D.J. Caruso s'est fait connaître à la télévision et au cinéma en tournant pour des séries et des films tels que
The Shield et
Taking lives. Après des études de cinéma, il fait ses débuts chez Disney comme assistant de production. A partir de 1991, il entame une fructueuse collaboration avec le réalisateur John Badham, pour qui il sera successivement producteur associé, coproducteur, producteur et producteur exécutif ainsi que réalisateur de seconde équipe. Ensemble les deux hommes travaillent sur
La manière forte (1991), polar ironique avec
James Woods et
Michael J. Fox ;
Nom de code : Nina (1993), remake grippé de
Nikita avec Bridget Fonda ;
Indiscrétion assurée (1993), suite peu inspirée du sympathique et culte
Etroite surveillance (1987) avec Richard Dreyfuss et
Emilio Estevez ;
Drop Zone (1994), thriller non négligeable avec
Wesley Snipes ; et enfin
Meurtre en suspens (1995), polar mou en temps réel avec
Johnny Depp. Dès lors, après un moyen métrage (
Cyclops Baby, 1997), Caruso se lance en solo à la télévision où il enchaîne séries et téléfilms :
Black Cat Run (1998),
Le Flic de Shanghai (1999),
Dark Angel (2001),
Smallville (2002). Avec son premier long métrage,
Salton Sea (Id), il témoigne d'une affection pour le film noir que ne démentiront pas ses prochains films. Récit d'un jazzmen traumatisé par l'assassinat de sa femme dont il veut se venger,
Salton Sea fascine par son ambiance et sa vision décadente de la Californie, sans toutefois éviter une morale réactionnaire.
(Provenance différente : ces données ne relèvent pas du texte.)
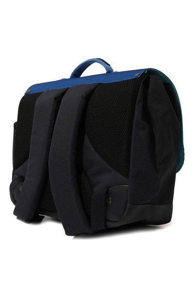 На создание портфеля с эргономичной спинкой и широкими регулируемыми лямками, разработанного для учеников начальной школы, команду марки вдохновили старинные кожаные ранцы. Для пошива модели с разноцветными аппликациями и вышивкой использовали прочный непромокаемый текстиль с тефлоновым покрытием. Аксессуар с клапаном, дополненным двумя замками-защелками, открывается и закрывается легким нажатием. В два отделения поместятся тетради, учебники, ланчбокс и пенал.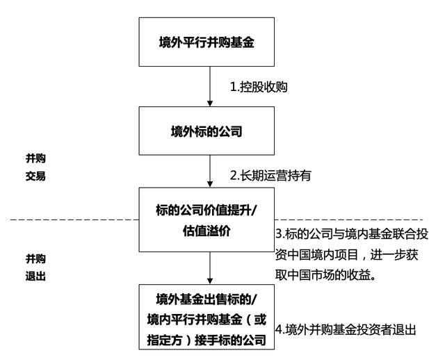 跨境平行并购基金的境外基金部分的核心盈利模式,与传统的国际并购基金类似,可以通过目标企业股权的流动性溢价获利(IPO、战略性出售),也可以通过管理提升目标企业价值,并且在与境内基金联动投资境内项目,进一步获得中国市场的收益。而在境外基金出售标的公司股权时,境内基金(或其指定方)具有优先收购权。

Deux ans plus tard, Caruso réalise
Taking lives (2004), un thriller avec
Ethan Hawke,
Kiefer Sutherland et
Angelina Jolie en profiler du FBI. Plat et bourré de clichés, le film ne convaincra qu'une minorité de spectateurs attirés par un casting alléchant. Réalisateur pour la série
The Shield en 2002 et 2006, Caruso se lance en parallèle sur
Two for the Money (2005), avec
Al Pacino et
Matthew McConaughey. Sur le ton du polar, toujours, mais dans le milieu des paris sportifs et sur le mode de la confrontation, le réalisateur signe là une œuvre modeste, sympathique, jamais roublarde, entièrement soumise à ses comédiens qui donnent la mesure avec plaisir. Caruso obtient son premier succès au box office américain en 2007 avec
Paranoiak, une relecture libre et teenage de
Fenêtre sur cour avec
Shia LaBeouf. En plein dans l'air du temps avec ses références à Youtube et autres lecteurs MP3, le film séduit, amuse ou navre (au choix). Brouillon et parfois un peu ridicule avec son final chaotique,
Paranoiak (produit par
Steven Spielberg) a le seul mérite de constituer une greffe étrange entre un classique dont on garde les bases, et le regard d'un adolescent entouré d'objets propres à son quotidien. La même équipe (Caruso, Spielberg, LaBeouf) se retrouve enfin pour un autre thriller technologique paranoïaque,
L'Oeil du mal (2008). On ne change pas une équipe qui gagne.